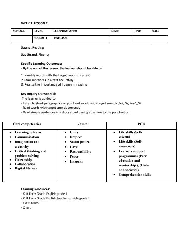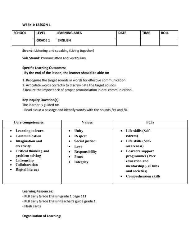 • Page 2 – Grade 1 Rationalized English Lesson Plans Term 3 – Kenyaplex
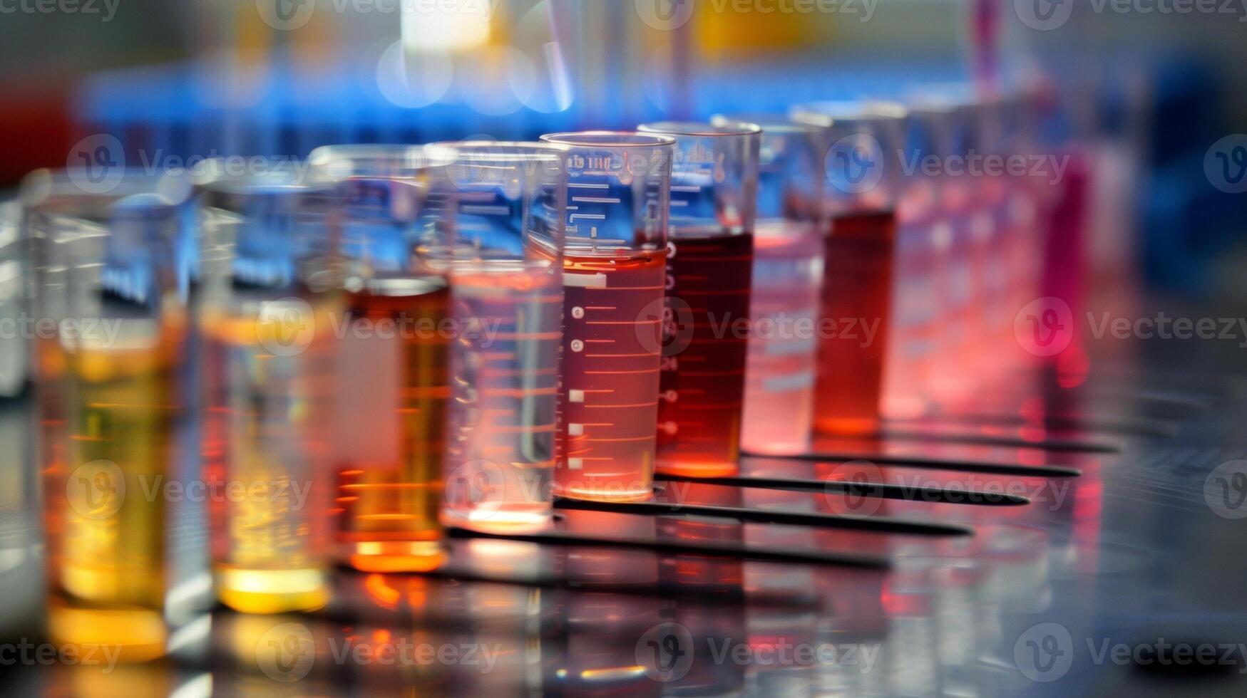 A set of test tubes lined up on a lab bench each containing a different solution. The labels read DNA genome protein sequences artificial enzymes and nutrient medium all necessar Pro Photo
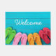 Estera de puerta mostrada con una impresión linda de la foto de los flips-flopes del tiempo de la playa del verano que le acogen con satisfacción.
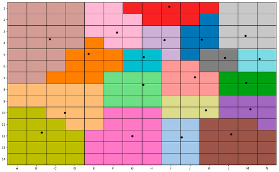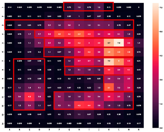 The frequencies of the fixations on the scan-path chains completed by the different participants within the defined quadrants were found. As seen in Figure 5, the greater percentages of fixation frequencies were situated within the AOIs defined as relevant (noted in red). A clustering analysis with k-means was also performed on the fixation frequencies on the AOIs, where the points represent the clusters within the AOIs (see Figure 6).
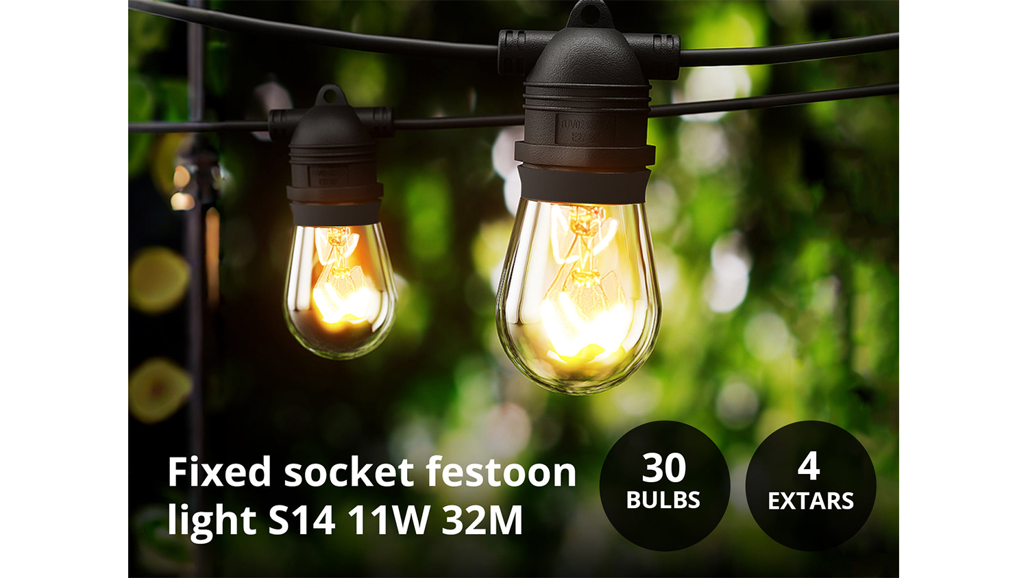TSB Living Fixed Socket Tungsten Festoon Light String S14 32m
----
### [Work required]
Write out all the entries exactly, except for the pictures.

### [Written response]
 • Page 2 – Grade 1 Rationalized English Lesson Plans Term 3 – Kenyaplex
 A set of test tubes lined up on a lab bench each containing a different solution. The labels read DNA genome protein sequences artificial enzymes and nutrient medium all necessar Pro Photo
 Estera de puerta mostrada con una impresión linda de la foto de los flips-flopes del tiempo de la playa del verano que le acogen con satisfacción.
 The frequencies of the fixations on the scan-path chains completed by the different participants within the defined quadrants were found. As seen in Figure 5, the greater percentages of fixation frequencies were situated within the AOIs defined as relevant (noted in red). A clustering analysis with k-means was also performed on the fixation frequencies on the AOIs, where the points represent the clusters within the AOIs (see Figure 6).
TSB Living Fixed Socket Tungsten Festoon Light String S14 32m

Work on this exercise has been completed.